# Coochin Creek Sat Arvo 23rd



## PDO (May 24, 2007)

I'm planning on flicking a few lures up and down Coochin Creek this Saturday afternoon if anyone's interested.

I will be putting at the boat ramp near the camp ground, off Roy's Rd. at about midday and may fish until about 4:30pm.


----------



## WayneD (Jul 11, 2006)

If it wasn't an hour and 15 minute drive + tolls I would come along. I timed it on my way back from Maroochydore today. I have a leave pass but not until 1pm so that means I would get there way too late.


----------



## pcsolutionman (Apr 9, 2007)

Hey PDO I might see you there. have you fished the area before? what lures were you planning on tossing around?

Lee


----------



## PDO (May 24, 2007)

No, never fished there before, but I went up and a look last weekend and I plan on heading down stream from the boat ramp.

I'm going to use a few different hard body lures and GULP 8cm Pogy, soft plastics.

Hop to see you there.


----------



## paddlepop (May 12, 2007)

i would love to join you pdo and in fact i'll be driving past there mid morning on the way to a weekend at borumba dam. i fished there a fair bit many years ago and preferred going up stream around the first righthand bend to a large sand flat that is exposed at low tide

i've just seen it clear as day on google earth. if you prefer skinny water like i do, then keep on going up past the camp grounds. i never ventured down from the boat ramp

good luck and please send in a trip report as i think it will now be on my "must do" list in the near future

pete


----------



## ArWeTherYet (Mar 25, 2007)

I would recommend picking up a packet of 2" berkly power minnows in a natural colour with small hooks to match.

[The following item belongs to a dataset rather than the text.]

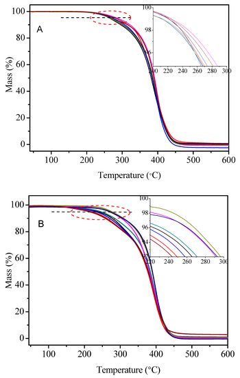 The thermal stability of PC14EnVEs was important in thermal energy storage applications, and the thermal degradation temperature of PCMs (Td) was one of the key parameters for determining the practical environment and processing techniques. Here, according to the references, we selected the temperature at which the weight loss rate of materials was 5% as the initial thermal decomposition temperature T5wt %. The TGA curves of PC14E1VE (A) and PC14E2VE (B) with various molecular weights are shown in Figure 12. It was clear that the T5wt % of PC14E1VEs and PC14E2VEs increased from 264 to 287 °C and from 228 to 286 °C, respectively, when the number average molar mass increased. Because the interactions between molecules gradually increased, the intertwining phenomenon became more and more obvious, resulting in fewer and fewer defects in molecules, and the thermal stability of the polymer gradually increased with the increase of the molecular weight of the polymers. These results indicated that the increase of polymers’ molecular weights can improve the thermal stability to a certain extent.

Often when they wont take the bigger plastics having a different size as a back up pays off. You'll find that the water will be Chrystal clear and flicking the small plastics close to the banks and giving them a very gentle flick will come up with the goods.

I wont be coming up, it looks like its ganna be wet and miserable, plus I dont like the boat ramp there, lacks any security. So dont keep any valuables in your car.

Good luck and keep warm.


----------